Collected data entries
------------

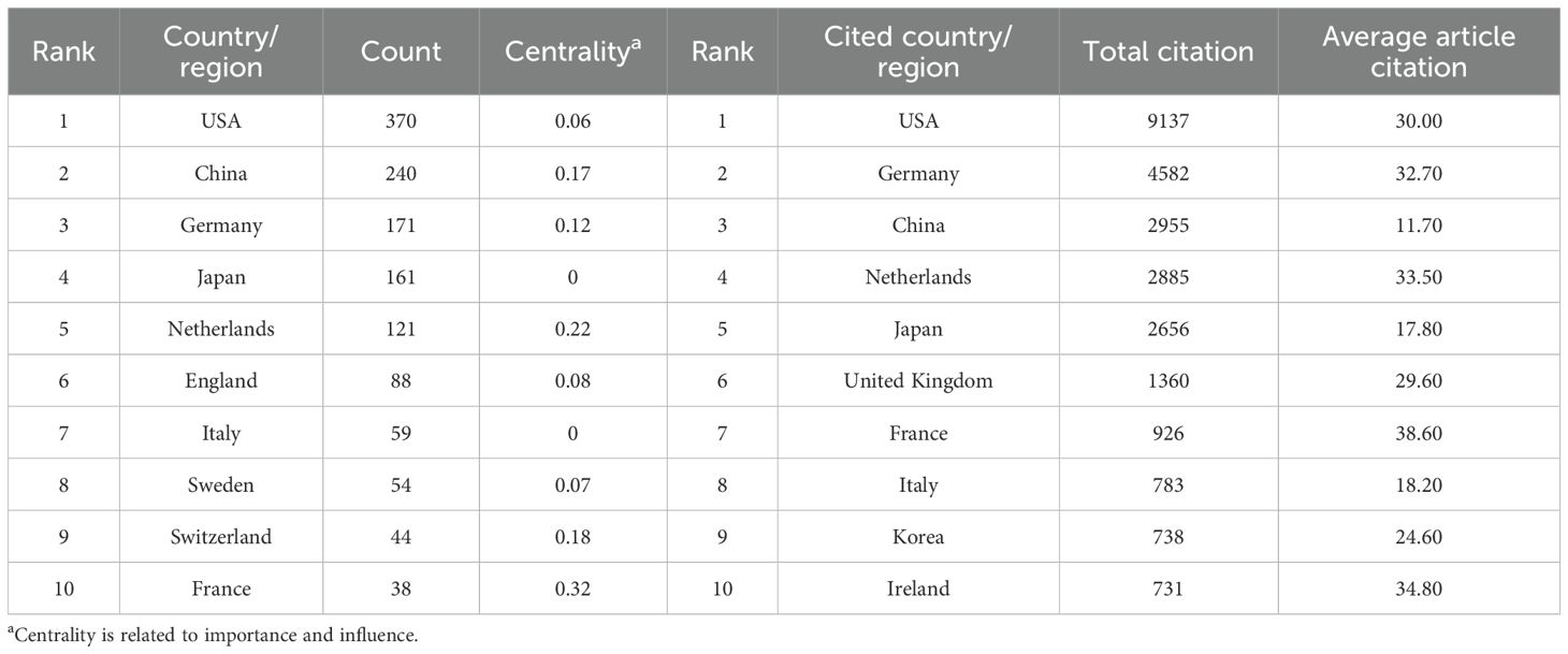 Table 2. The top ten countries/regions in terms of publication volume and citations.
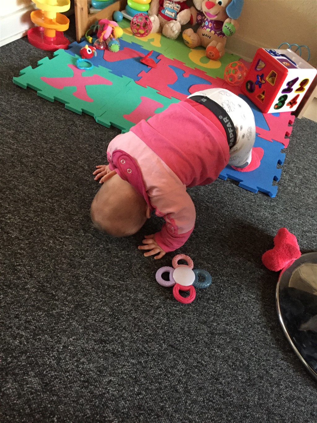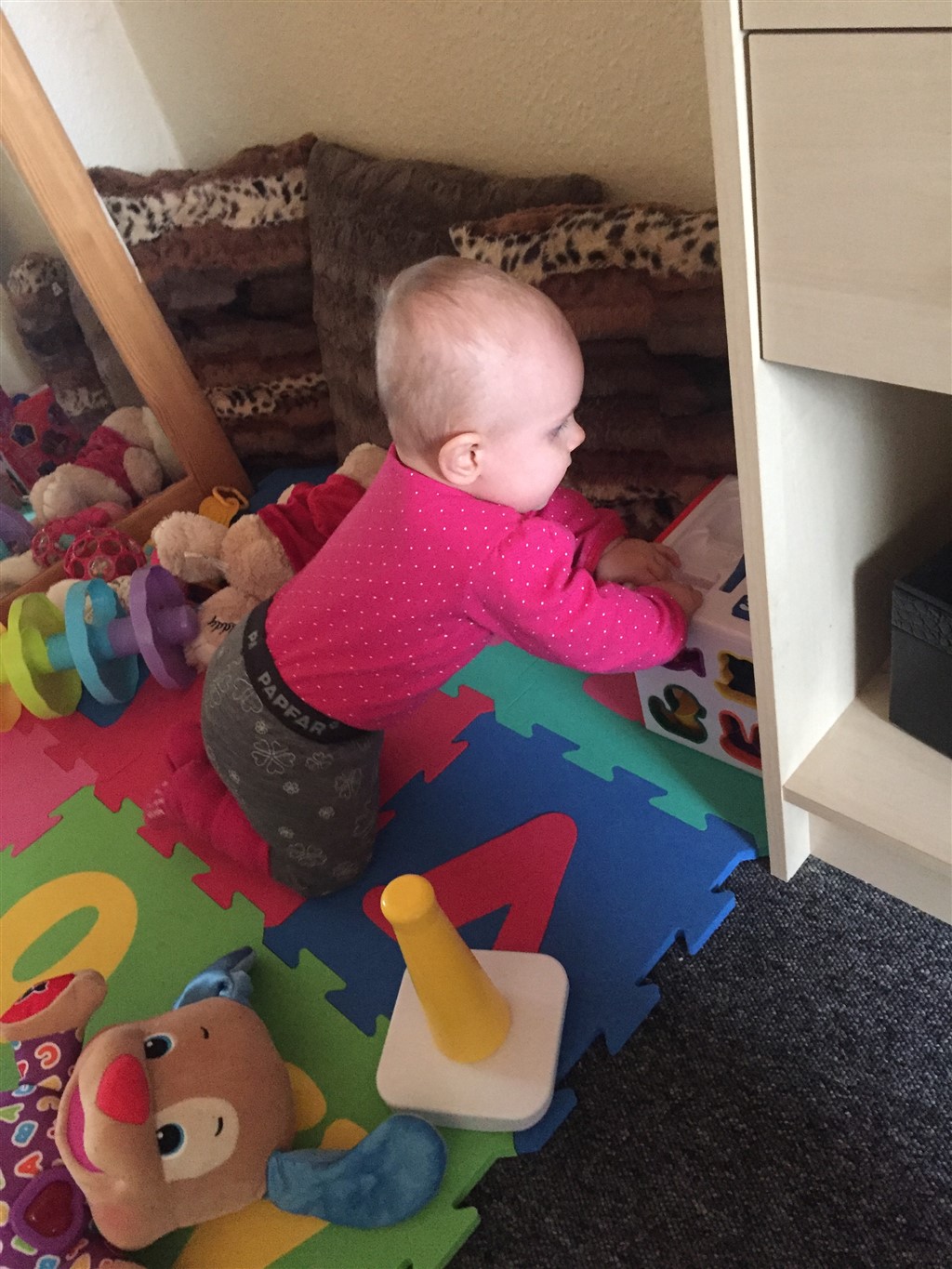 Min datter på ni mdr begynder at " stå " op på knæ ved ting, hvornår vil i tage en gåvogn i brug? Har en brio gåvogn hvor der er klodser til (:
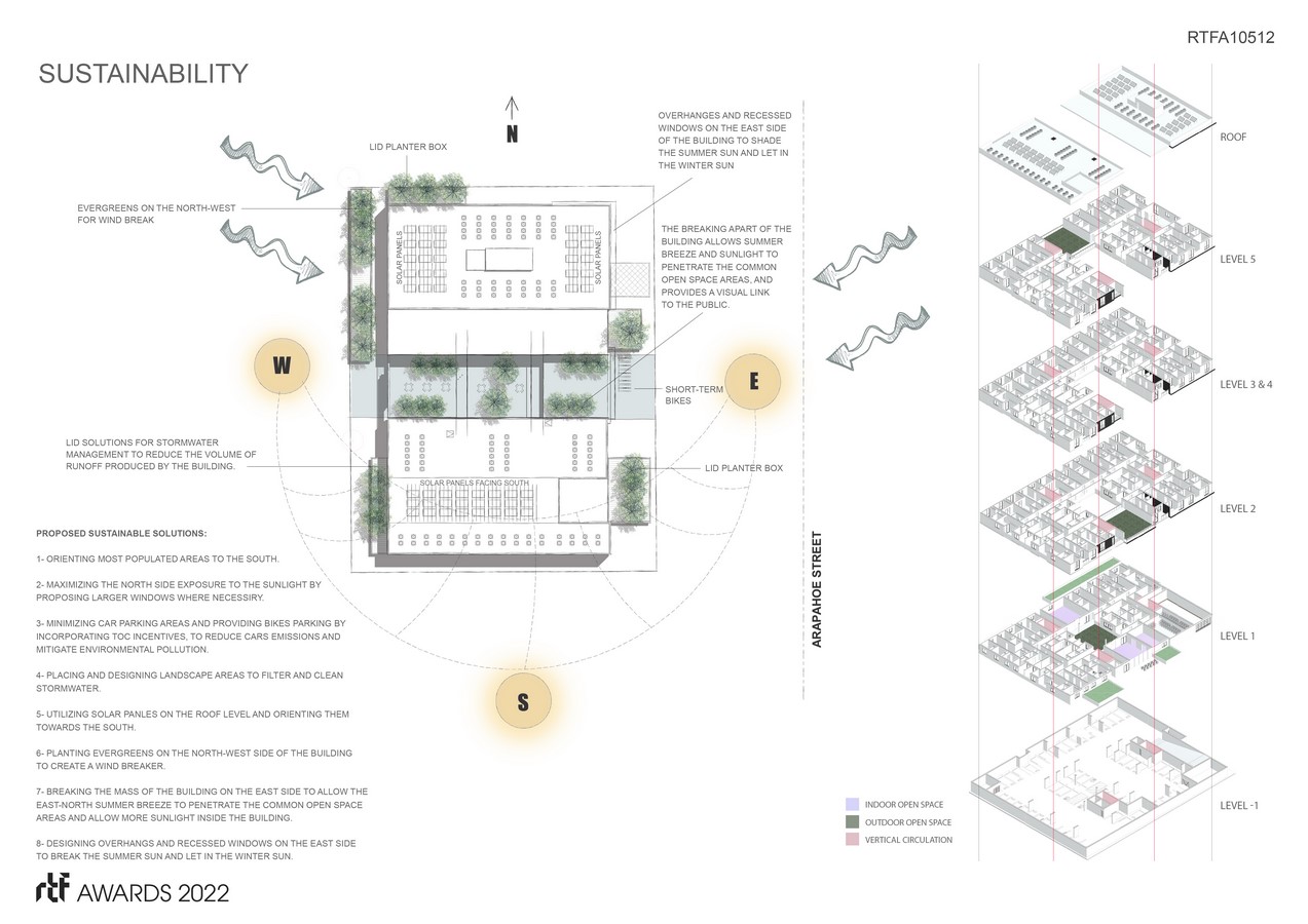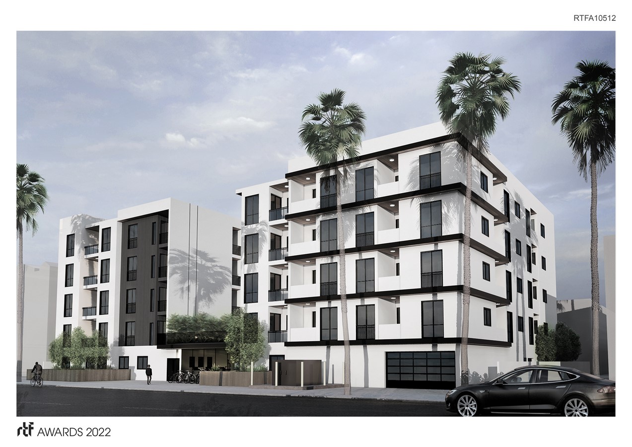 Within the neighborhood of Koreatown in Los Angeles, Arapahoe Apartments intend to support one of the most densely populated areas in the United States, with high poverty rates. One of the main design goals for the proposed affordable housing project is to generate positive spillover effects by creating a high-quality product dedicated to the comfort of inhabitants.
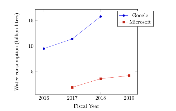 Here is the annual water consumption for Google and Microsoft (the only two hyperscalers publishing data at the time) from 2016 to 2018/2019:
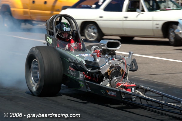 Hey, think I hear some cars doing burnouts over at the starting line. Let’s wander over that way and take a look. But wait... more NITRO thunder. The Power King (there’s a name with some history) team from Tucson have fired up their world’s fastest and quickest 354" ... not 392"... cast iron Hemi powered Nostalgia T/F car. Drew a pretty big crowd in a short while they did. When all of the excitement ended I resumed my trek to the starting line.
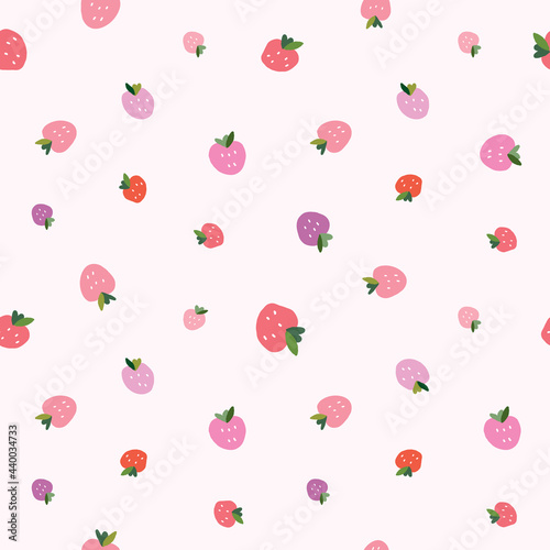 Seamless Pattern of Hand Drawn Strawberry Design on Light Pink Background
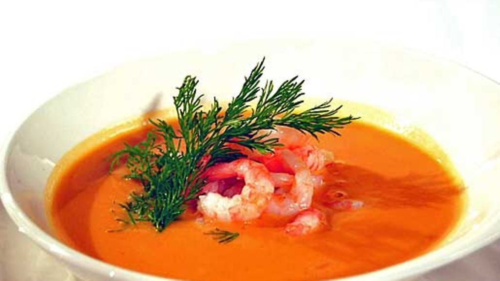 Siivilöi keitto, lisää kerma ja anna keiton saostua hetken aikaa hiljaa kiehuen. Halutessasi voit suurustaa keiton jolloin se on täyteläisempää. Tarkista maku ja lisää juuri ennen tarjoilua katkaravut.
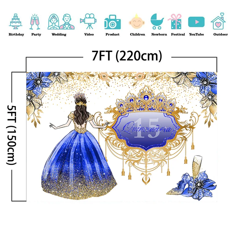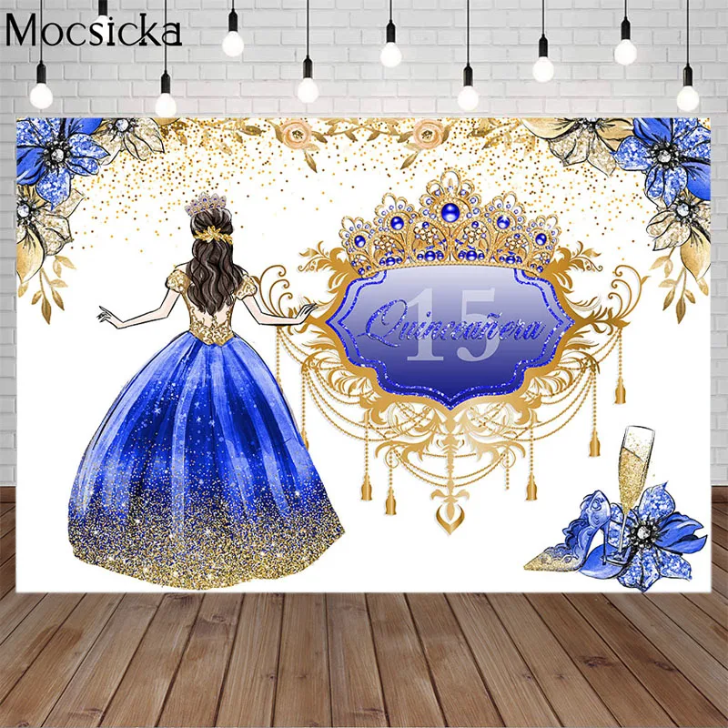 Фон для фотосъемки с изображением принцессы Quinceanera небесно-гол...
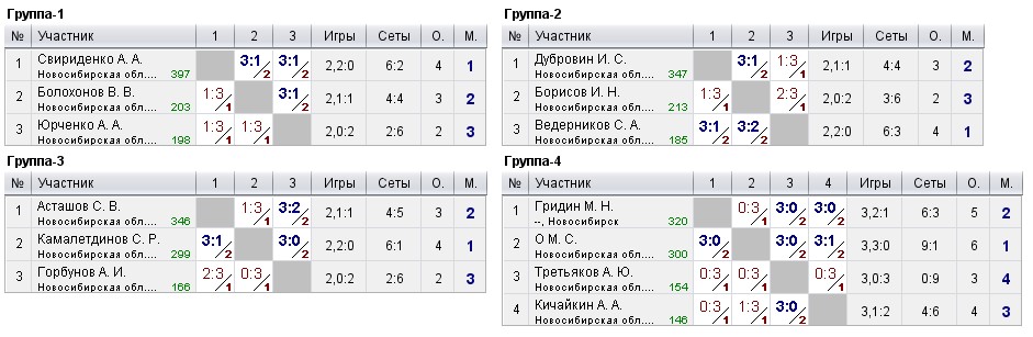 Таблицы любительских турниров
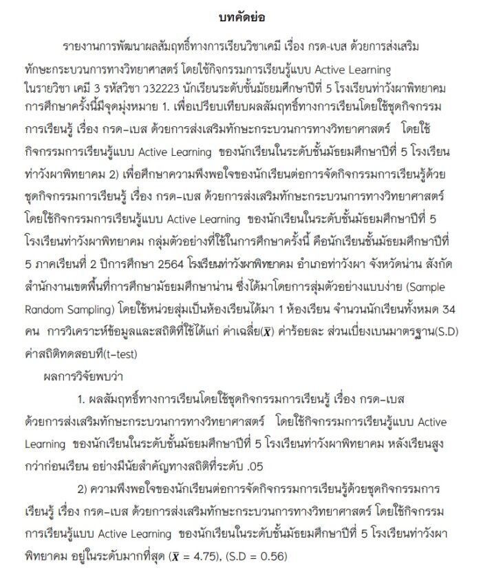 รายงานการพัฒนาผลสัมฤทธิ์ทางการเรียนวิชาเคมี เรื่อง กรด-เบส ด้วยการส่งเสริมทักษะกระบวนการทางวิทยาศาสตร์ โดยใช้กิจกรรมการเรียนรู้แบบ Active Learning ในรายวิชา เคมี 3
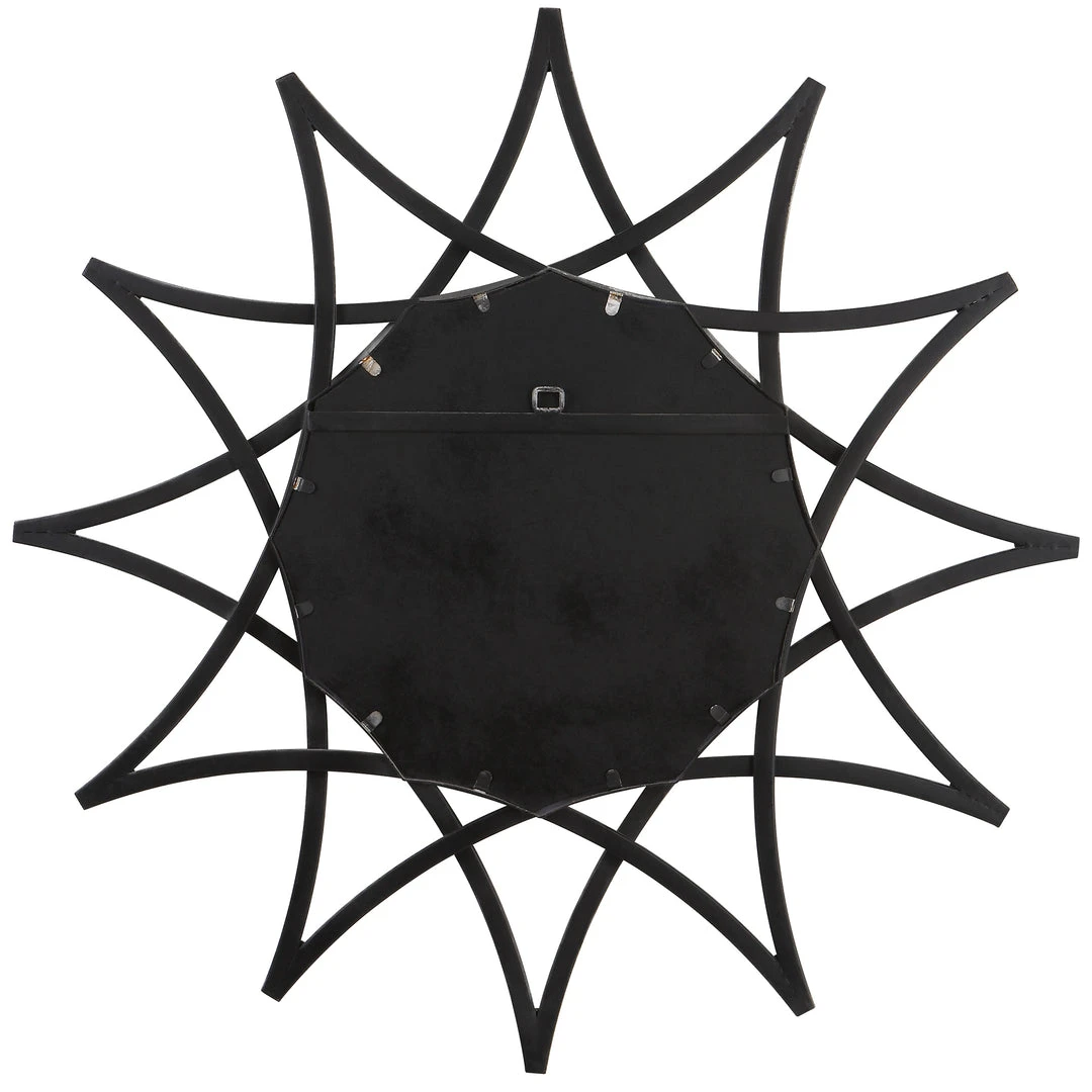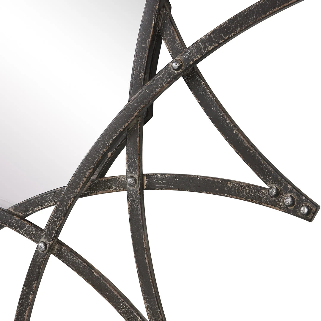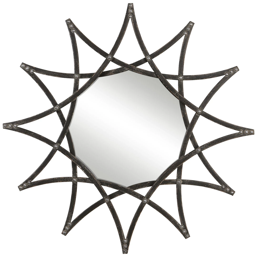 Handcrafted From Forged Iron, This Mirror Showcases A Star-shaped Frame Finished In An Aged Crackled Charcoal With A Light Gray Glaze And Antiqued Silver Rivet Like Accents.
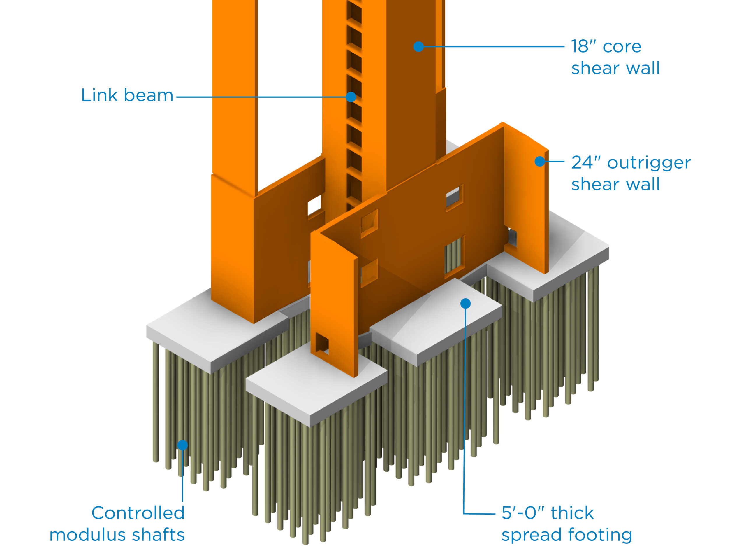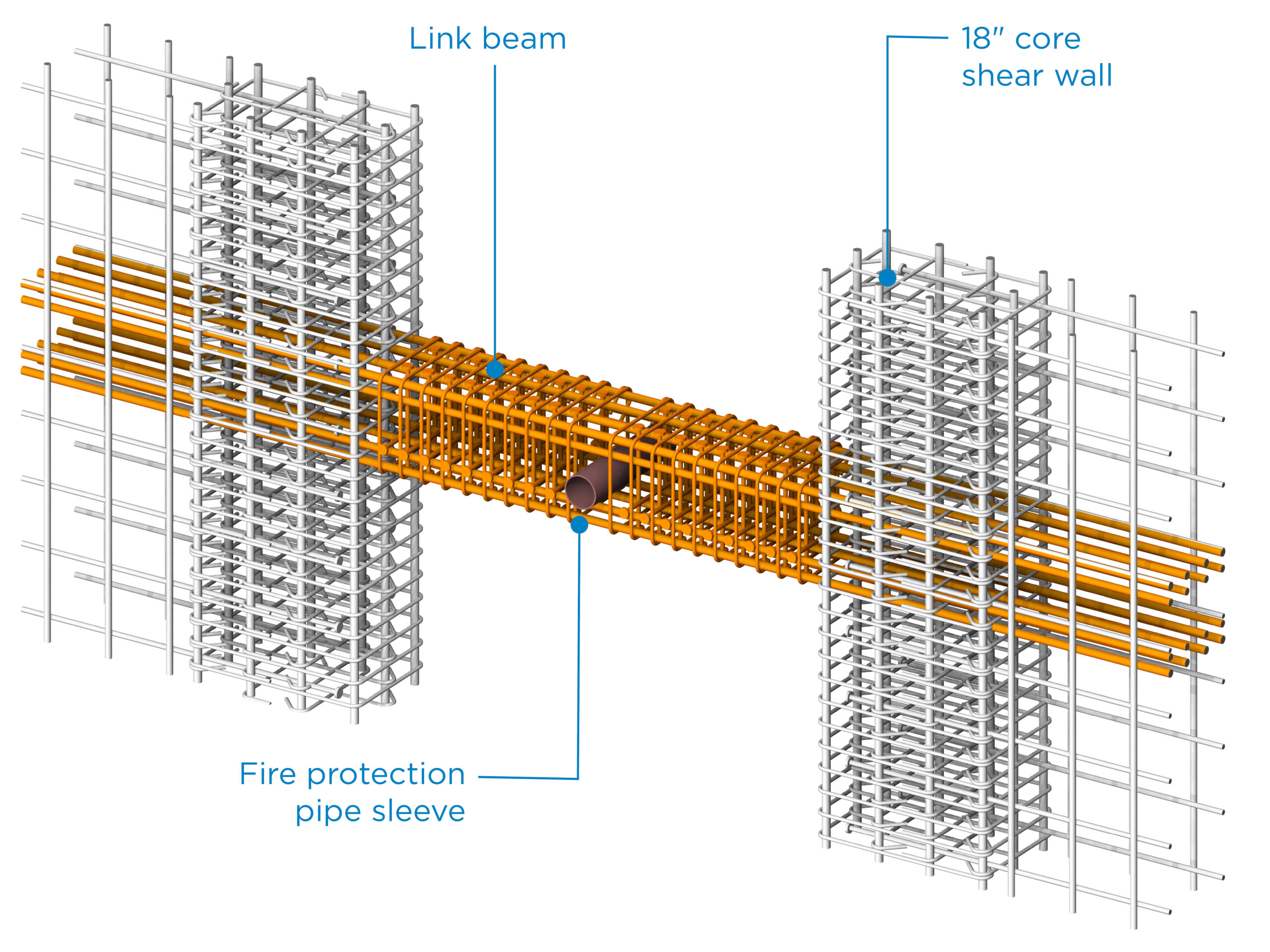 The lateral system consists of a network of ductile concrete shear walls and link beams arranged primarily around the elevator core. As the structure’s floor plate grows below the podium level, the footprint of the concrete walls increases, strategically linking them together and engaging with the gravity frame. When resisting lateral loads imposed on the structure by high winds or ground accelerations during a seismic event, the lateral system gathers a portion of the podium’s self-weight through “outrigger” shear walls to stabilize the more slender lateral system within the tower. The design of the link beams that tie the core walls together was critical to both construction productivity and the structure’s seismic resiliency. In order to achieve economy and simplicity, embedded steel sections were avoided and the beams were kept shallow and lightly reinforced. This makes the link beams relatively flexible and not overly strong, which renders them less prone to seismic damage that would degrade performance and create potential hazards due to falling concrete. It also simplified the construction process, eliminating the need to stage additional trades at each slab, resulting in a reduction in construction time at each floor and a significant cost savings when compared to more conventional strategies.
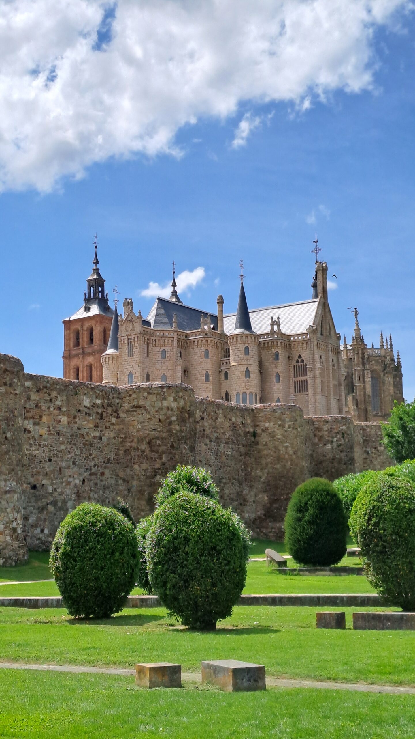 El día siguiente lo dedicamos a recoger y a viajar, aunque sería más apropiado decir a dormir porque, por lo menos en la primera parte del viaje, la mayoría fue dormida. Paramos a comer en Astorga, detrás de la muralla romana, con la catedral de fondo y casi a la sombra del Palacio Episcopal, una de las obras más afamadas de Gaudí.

------------

WHAT TO DO => From the records above, quote word for word only the lines beginning at the line that has "Here is the" and stopping after the line that has "Siivilöi keitto, lisää". Omit the pictures.

TASK SOLUTION =>
 Here is the annual water consumption for Google and Microsoft (the only two hyperscalers publishing data at the time) from 2016 to 2018/2019:
 Hey, think I hear some cars doing burnouts over at the starting line. Let’s wander over that way and take a look. But wait... more NITRO thunder. The Power King (there’s a name with some history) team from Tucson have fired up their world’s fastest and quickest 354" ... not 392"... cast iron Hemi powered Nostalgia T/F car. Drew a pretty big crowd in a short while they did. When all of the excitement ended I resumed my trek to the starting line.
 Seamless Pattern of Hand Drawn Strawberry Design on Light Pink Background
 Siivilöi keitto, lisää kerma ja anna keiton saostua hetken aikaa hiljaa kiehuen. Halutessasi voit suurustaa keiton jolloin se on täyteläisempää. Tarkista maku ja lisää juuri ennen tarjoilua katkaravut.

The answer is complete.